• **What you should do**:
Keep the wording of every entry exactly as it is while leaving the pictures out of your copy.

☆ ☆ ☆ ☆

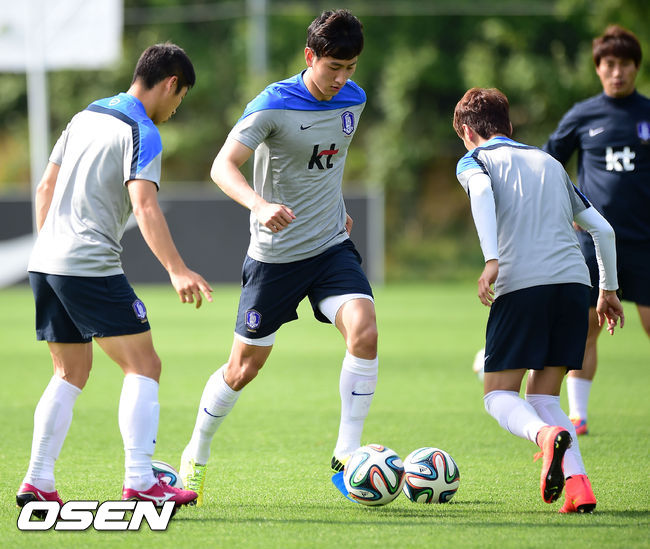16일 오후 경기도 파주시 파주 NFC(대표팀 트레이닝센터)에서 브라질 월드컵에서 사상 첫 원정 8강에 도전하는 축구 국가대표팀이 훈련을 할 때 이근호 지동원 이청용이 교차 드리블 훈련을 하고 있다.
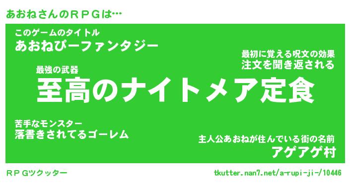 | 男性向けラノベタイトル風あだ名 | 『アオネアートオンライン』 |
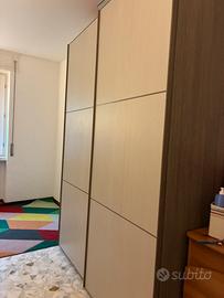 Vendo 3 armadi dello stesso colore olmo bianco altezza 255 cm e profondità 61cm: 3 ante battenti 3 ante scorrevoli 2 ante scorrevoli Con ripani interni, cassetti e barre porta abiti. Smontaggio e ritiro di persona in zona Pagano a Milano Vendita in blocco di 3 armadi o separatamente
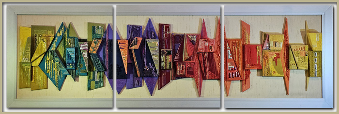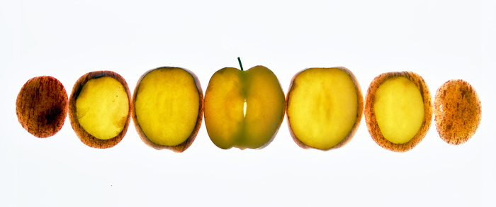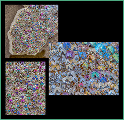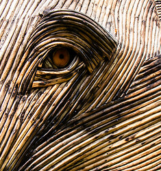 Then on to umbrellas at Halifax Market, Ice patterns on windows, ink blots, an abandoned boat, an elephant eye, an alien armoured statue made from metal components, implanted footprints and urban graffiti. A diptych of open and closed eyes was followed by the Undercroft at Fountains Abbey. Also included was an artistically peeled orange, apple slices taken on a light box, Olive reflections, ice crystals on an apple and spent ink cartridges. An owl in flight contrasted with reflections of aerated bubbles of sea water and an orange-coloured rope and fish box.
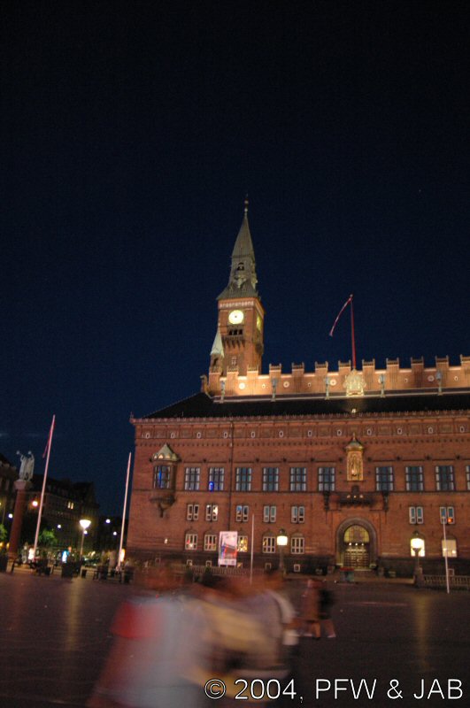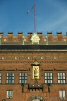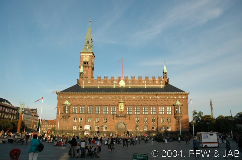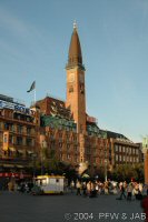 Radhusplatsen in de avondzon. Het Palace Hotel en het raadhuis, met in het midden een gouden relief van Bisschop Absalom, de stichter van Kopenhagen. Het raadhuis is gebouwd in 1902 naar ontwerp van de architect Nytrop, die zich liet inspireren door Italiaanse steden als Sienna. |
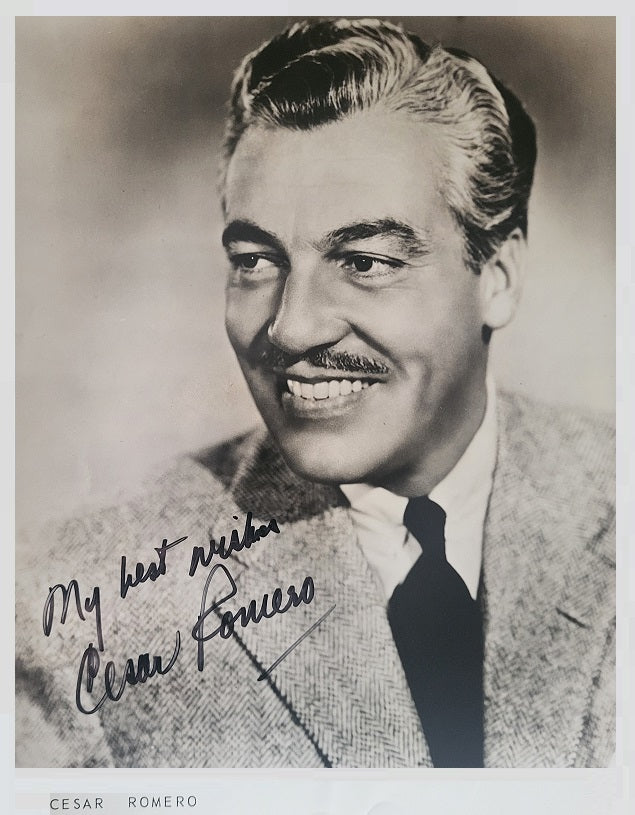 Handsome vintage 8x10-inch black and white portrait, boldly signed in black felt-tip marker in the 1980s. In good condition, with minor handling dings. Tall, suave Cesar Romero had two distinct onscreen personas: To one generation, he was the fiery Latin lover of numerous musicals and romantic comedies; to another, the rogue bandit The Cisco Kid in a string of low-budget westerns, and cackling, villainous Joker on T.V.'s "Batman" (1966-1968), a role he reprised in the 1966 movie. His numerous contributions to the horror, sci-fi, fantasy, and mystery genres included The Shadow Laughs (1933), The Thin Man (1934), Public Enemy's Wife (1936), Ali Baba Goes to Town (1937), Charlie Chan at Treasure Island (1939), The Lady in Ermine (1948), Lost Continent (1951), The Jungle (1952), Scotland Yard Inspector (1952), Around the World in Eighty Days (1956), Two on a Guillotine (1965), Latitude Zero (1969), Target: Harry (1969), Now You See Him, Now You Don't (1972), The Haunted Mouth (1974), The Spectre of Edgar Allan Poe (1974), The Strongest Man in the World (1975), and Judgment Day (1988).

☆ ☆ ☆ ☆

• **Answer below**:
16일 오후 경기도 파주시 파주 NFC(대표팀 트레이닝센터)에서 브라질 월드컵에서 사상 첫 원정 8강에 도전하는 축구 국가대표팀이 훈련을 할 때 이근호 지동원 이청용이 교차 드리블 훈련을 하고 있다.
 | 男性向けラノベタイトル風あだ名 | 『アオネアートオンライン』 |
 Vendo 3 armadi dello stesso colore olmo bianco altezza 255 cm e profondità 61cm: 3 ante battenti 3 ante scorrevoli 2 ante scorrevoli Con ripani interni, cassetti e barre porta abiti. Smontaggio e ritiro di persona in zona Pagano a Milano Vendita in blocco di 3 armadi o separatamente
 Then on to umbrellas at Halifax Market, Ice patterns on windows, ink blots, an abandoned boat, an elephant eye, an alien armoured statue made from metal components, implanted footprints and urban graffiti. A diptych of open and closed eyes was followed by the Undercroft at Fountains Abbey. Also included was an artistically peeled orange, apple slices taken on a light box, Olive reflections, ice crystals on an apple and spent ink cartridges. An owl in flight contrasted with reflections of aerated bubbles of sea water and an orange-coloured rope and fish box.
 Radhusplatsen in de avondzon. Het Palace Hotel en het raadhuis, met in het midden een gouden relief van Bisschop Absalom, de stichter van Kopenhagen. Het raadhuis is gebouwd in 1902 naar ontwerp van de architect Nytrop, die zich liet inspireren door Italiaanse steden als Sienna. |
 Handsome vintage 8x10-inch black and white portrait, boldly signed in black felt-tip marker in the 1980s. In good condition, with minor handling dings. Tall, suave Cesar Romero had two distinct onscreen personas: To one generation, he was the fiery Latin lover of numerous musicals and romantic comedies; to another, the rogue bandit The Cisco Kid in a string of low-budget westerns, and cackling, villainous Joker on T.V.'s "Batman" (1966-1968), a role he reprised in the 1966 movie. His numerous contributions to the horror, sci-fi, fantasy, and mystery genres included The Shadow Laughs (1933), The Thin Man (1934), Public Enemy's Wife (1936), Ali Baba Goes to Town (1937), Charlie Chan at Treasure Island (1939), The Lady in Ermine (1948), Lost Continent (1951), The Jungle (1952), Scotland Yard Inspector (1952), Around the World in Eighty Days (1956), Two on a Guillotine (1965), Latitude Zero (1969), Target: Harry (1969), Now You See Him, Now You Don't (1972), The Haunted Mouth (1974), The Spectre of Edgar Allan Poe (1974), The Strongest Man in the World (1975), and Judgment Day (1988).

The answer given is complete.